*Exercise requirements*. For this exercise, retype every record below exactly and keep the pictures out.

Saved data entries
=-=-=-=-=

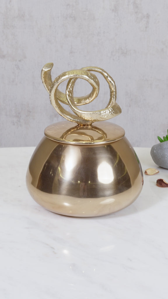 The enchanted harmony Jar is a stunning blend of texture and shine, crafted from textured gold and polished deep gold-finished aluminum. This elegant jar features a captivating design, complete with a lid adorned with two graceful twirls, adding a touch of whimsy to its sophisticated allure. Ideal for storing treasured items or as a decorative accent, this enchanting jar effortlessly enhances any space, making it a perfect choice for those who appreciate timeless beauty and artisanal craftsmanship.
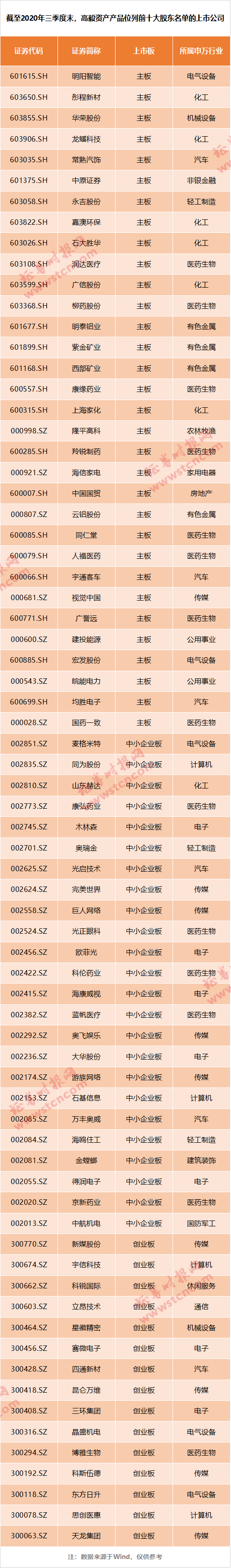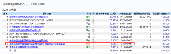 上述公司中,主板公司有32家,中小板公司有24家,创业板公司有15家。比如2020年三季度末,高毅邻山1号远望基金持有3300万股明阳智能的股票,持股市值达到5.58亿元。
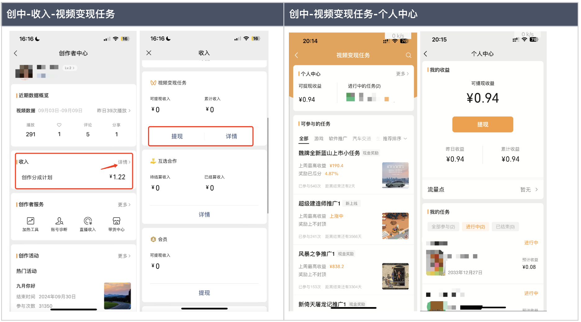 ⑤ 作者如何查看和提现收益:任务预期收益(税前)于发布视频的次日开始展示,并于每月8日、23日更新可提现的收入,创作者可以将收益提现至钱包。
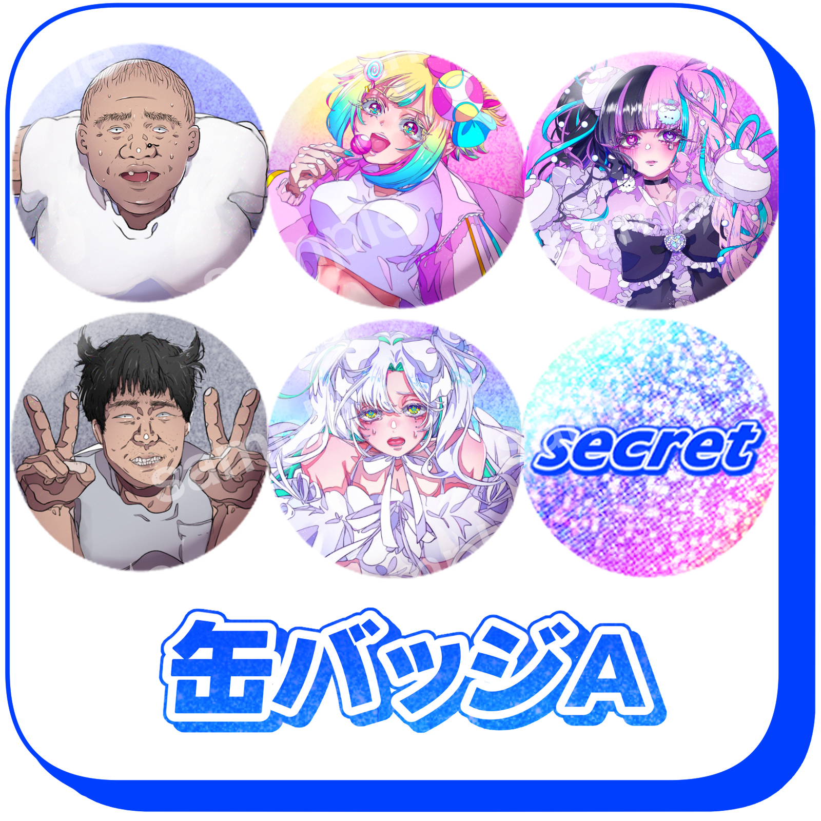 がはきゅ。アニメに登場するキャラクターたちのラメ缶バッジです。
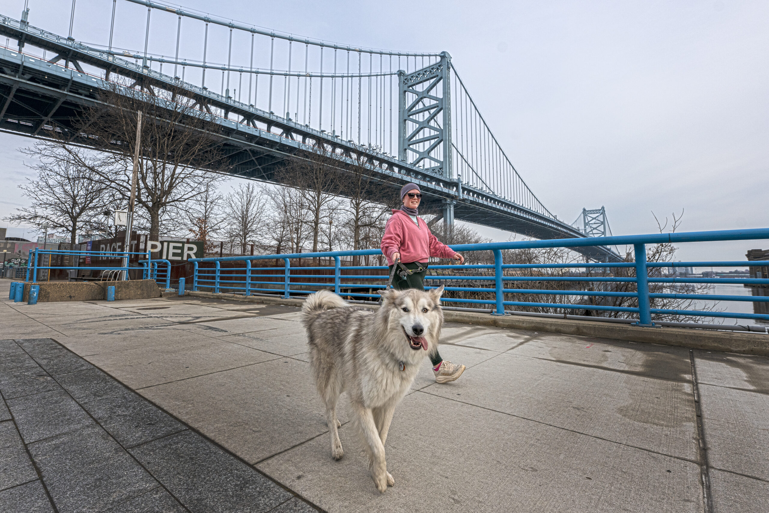 Emily Umstattd walks her dog for exercise along Columbus Boulevard.

=-=-=-=-=

*Solution*.
 The enchanted harmony Jar is a stunning blend of texture and shine, crafted from textured gold and polished deep gold-finished aluminum. This elegant jar features a captivating design, complete with a lid adorned with two graceful twirls, adding a touch of whimsy to its sophisticated allure. Ideal for storing treasured items or as a decorative accent, this enchanting jar effortlessly enhances any space, making it a perfect choice for those who appreciate timeless beauty and artisanal craftsmanship.
 上述公司中,主板公司有32家,中小板公司有24家,创业板公司有15家。比如2020年三季度末,高毅邻山1号远望基金持有3300万股明阳智能的股票,持股市值达到5.58亿元。
 ⑤ 作者如何查看和提现收益:任务预期收益(税前)于发布视频的次日开始展示,并于每月8日、23日更新可提现的收入,创作者可以将收益提现至钱包。
 がはきゅ。アニメに登場するキャラクターたちのラメ缶バッジです。
 Emily Umstattd walks her dog for exercise along Columbus Boulevard.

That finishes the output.